Иван Кудряшов

Дискурс капитализма: Один или Несколько?

Семнадцатый семинар Лакана представил теорию четырёх дискурсов, довольно хорошо описывавшую господствующие связи в обществе и их трансформацию в истории. Однако спустя пару лет он ввёл дискурс капитализма, нарушающий стройную логику прежних схем. Он почувствовал что нечто в речи современников заметно мутирует и побуждает исследовать новые формы связи означающих. Изучая схему этого нового дискурса, я сделал предположение, что рассмотреть стоит и другие модификации этой структуры. 

 

 

 

В основе теории четырёх дискурсов Лакана лежит простая идея: фундаментальным дискурсом для нашей культуры является дискурс господина, опирающийся на логику вытеснения (т.е. он и создаёт нижние этажи схемы и блокирует к ним прямой доступ). Таким образом все дискурсы – это устойчивые формы речи, фундированные существованием бессознательного и необходимостью другого.

 

Все четыре дискурса образованы “поворотом” господского дискурса, именно таким образом Господин всегда порождает себе Истерика (того, кто обращается к Господину) и исторически смещается в сторону Университета (скрытый Господин), а затем Аналитика (отменённый Господин). При этом Лакан не утверждает, что это единственные структуры, организующие речь. Вероятно существуют десятки и сотни различных вариаций дискурса, поскольку общая логика всех дискурсов проста:

То есть дискурс – это способ поддерживать Другого, где семблант – это уникальная связка Воображаемого и Символического, которая создаёт своего рода вуаль для Реального (в котором, Другой не существует).

 

В таком случае появление пятого, нарушающего прежнюю логику дискурса капитализма, можно рассматривать как первую ласточку для тройки новых. Если дискурс капитализма показал свою устойчивость, то как минимум некоторые его “повороты” также могут оказаться стабильными и повторяющимися. Сразу оговорюсь, что это пока первые пробы подступиться к теме. Занимались ли более авторитетные авторы этой темой или нет, я, увы, не знаю, поэтому в каких-то моментах, я хоть и опираюсь на структурные вещи, это вовсе не гарантирует отсутствие отсебятины.

 

Попробуем рассмотреть четыре вариации “капиталистических” дискурсов, образованных поворотом предложенного Лаканом (в конечном счёте он сам предлагает его как замену Господину, который и образовал три других). Используя ту же логику, что и в классических дискурсах, мы получим следующие схемы:

Первая схема (сверху слева): дискурс капитализма, он же “капиталистический господин”.

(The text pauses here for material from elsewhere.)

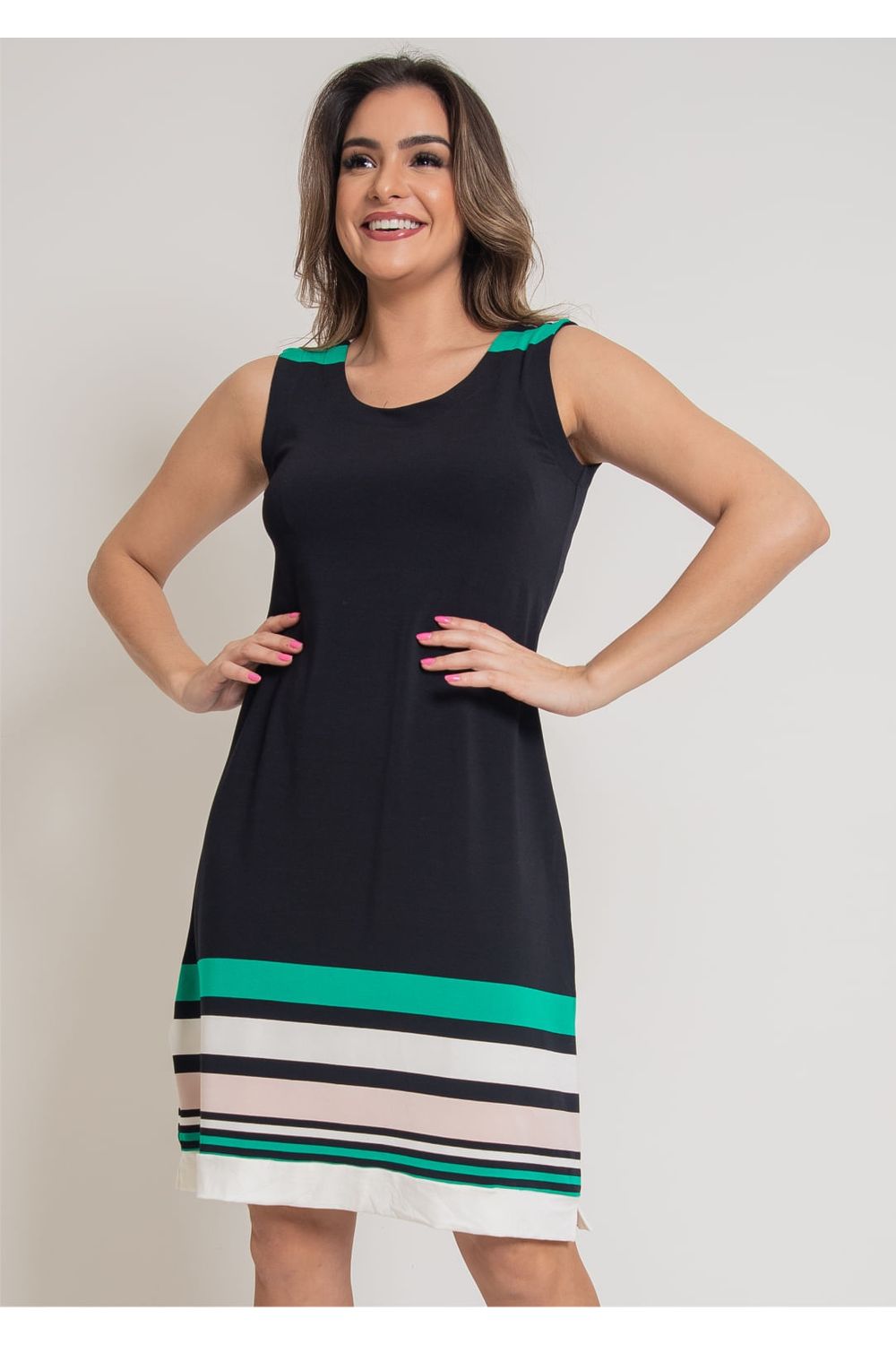 Vestido curto em malha listrada, em tons de Preto, Off White e Verde.

Безусловно это самая главная схема, позволяющая по-новому увидеть процессы, происходящие и в современном обществе, и в клинике. Необычное положение субъекта по отношению к идентифицирующему означающему можно увидеть например, в том, что многие анализанты больше не демонстрируют эффекта удивления там, где аналитик подчёркивает идентификацию. Вместо открытия и приостановки идентификации появляется высказывание в духе “Ну да, я вообще это выбрал сам” (проблема, однако, в том, что этот “выбор” действительно был, но совсем не там, где человек думает, что сознательного его выбирал). Но, пожалуй, наилучшей иллюстрацией стоит признать тип современного потребителя, который верит в то, что выбор правильного ориентира (будь то бренд, пример другого или точная идентификация) ведёт к продуманным шагам (знание “как”), а они к удовлетворению. Если же оно не случилось и тревога или фрустрация сохраняется, то претензии можно предъявлять только к себе. Сверх-Я такого субъекта как бы говорит: “Выбери/попробуй другое”, тем более, что предложение почти неограниченно.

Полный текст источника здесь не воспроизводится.